Built in the 1600s, Öster Malma’s original painted wallpaper from the mid-1700s shows hunting scenes. The ceiling paintings are also quite spectacular.
Downstairs in the basement of the main house is a restaurant serving local game.
That leads me to why you shouldn’t go to Öster Malma if you are an animals rights advocate. Or if you have trouble with seeing mounted heads and animal skulls on the walls. The house positively overflows with them. And with animal skins and hunting weapons and every other sort of hunting-related article you can think of.
Why all the hunting paraphernalia? It’s a contradictory manner of managing the manor.
[Sorry, I couldn’t resist punning! As I wrote this series on all the estates, castles and manor houses I managed to see in a three-day tour, the WordPress spellchecker kept asking me about the word “manor.” Every time I typed it, it wanted to change it to “manner.”]
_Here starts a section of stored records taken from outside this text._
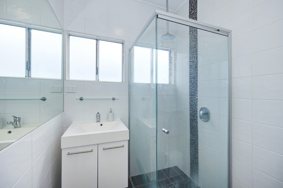 Accommodation is thoughtfully designed with two well-proportioned bedrooms positioned for privacy. The master bedroom offers generous space and storage, while the second bedroom provides flexibility for guests, a home office, or additional family living. The bathroom has been updated with a modern glass shower and clean finishes, creating a bright and functional space.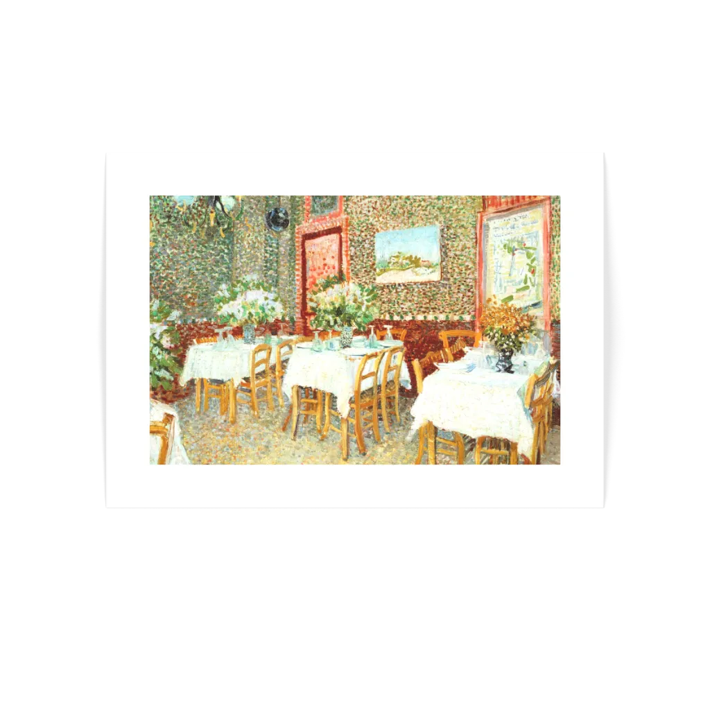 « Intérieur d'un restaurant » de Vincent van Gogh de 1887 est un exemple fascinant de sa capacité à transformer des scènes du quotidien en œuvres d'art vivantes. Le tableau montre un restaurant chaleureux avec des couleurs chaudes et invitantes et une composition dynamique. Van Gogh utilise des coups de pinceau audacieux pour souligner les textures des murs et des meubles, tandis que la disposition des tables et des chaises crée une atmosphère intime. L'éclairage subtil et l'attention particulière portée aux détails permettent presque au spectateur de ressentir l'arôme des aliments fraîchement préparés et le murmure silencieux des invités.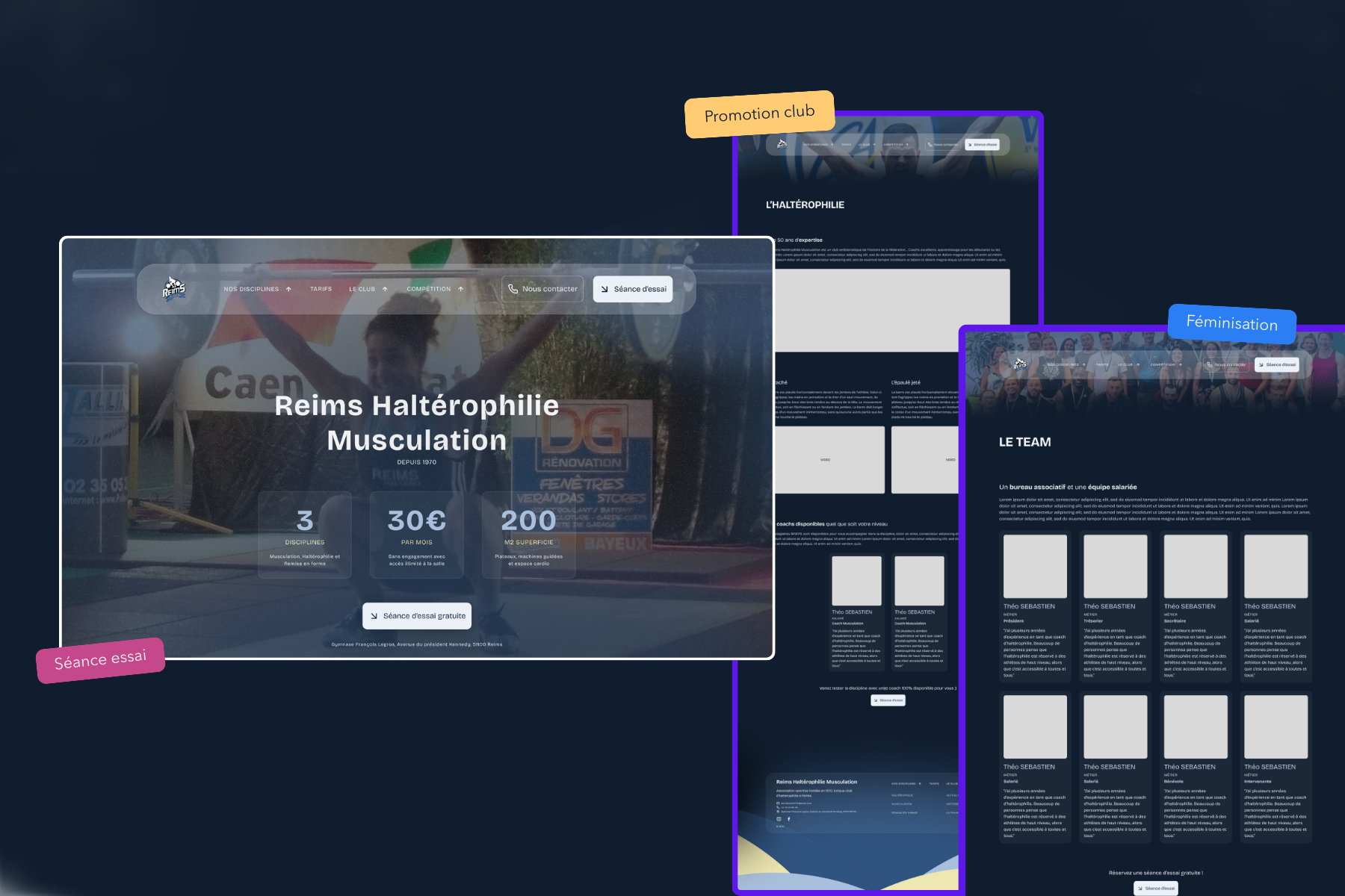 Projet de refonte du site internet d’un club d’haltérophilie. Le site n'est plus mis à jour par l'association, non adapté aux codes du numérique actuels, et ne met pas en avant un parcours clair et accessible de découverte de la discipline.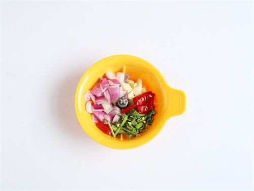 1.碗中放入洋葱+辣椒+香菜+大蒜打碎

Hunting and Wildlife Management
But getting back to the point, Öster Malma is owned by Svenska Jagareforbundet, the Swedish Association for Hunting and Wildlife Management. To me, that’s a contradiction in itself. This group is made up of people who like to go and kill animals in the wild. At the same time, they are dedicated to wildlife management. Öster Malma hosts the Öster Malma Game Management School, where they’ve trained more than 300 wildlife managers since its establishment in 1947.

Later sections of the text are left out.